If you take a look at the radius debug, you will see that the radius does authenticate the user first and then ejects in the second auth.. Does it have anything to do with the Sip-Group = "suspended” entry?

 

Interesting point is that everything is exactly like the examples on the tutorial.

 

Thanks,

Hamid

 

rad_recv: Access-Request packet from host 127.0.0.1:32900, id=196, length=185

        User-Name = "101@mydomain.com"

        Digest-Attributes = 0x0a05313031

        Digest-Attributes = 0x010b73686174656c2e6972

        Digest-Attributes = 0x022a34343866663166663933326638303933376130343732663338373631633530366561663636613934

        Digest-Attributes = 0x040f7369703a73686174656c2e6972

        Digest-Attributes = 0x030a5245474953544552

        Digest-Response = "7a3f00f697286dd95c5aa654a9662dea"
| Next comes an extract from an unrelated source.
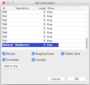 Astuce: Avec Linux et OSX (mais pas Windows), une loco peut être placée à un niveau différent en utilisant D & D: La loco est d'abord glissée sur l'onglet du niveau jusqu'à ce que le niveau s'ouvre, puis la loco est drop / placé dans le bloc désiré.

        Service-Type = Sip-Session

        Sip-Uri-User = "101"

        NAS-Port = 5060

        NAS-IP-Address = 127.0.0.1

  Processing the authorize section of radiusd.conf

modcall: entering group authorize for request 100

  modcall[authorize]: module "preprocess" returns ok for request 100

  modcall[authorize]: module "chap" returns noop for request 100

  modcall[authorize]: module "mschap" returns noop for request 100

rlm_digest: Adding Auth-Type = DIGEST

  modcall[authorize]: module "digest" returns ok for request 100

    rlm_realm: Looking up realm "mydomain.com" for User-Name = "101@mydomain.com"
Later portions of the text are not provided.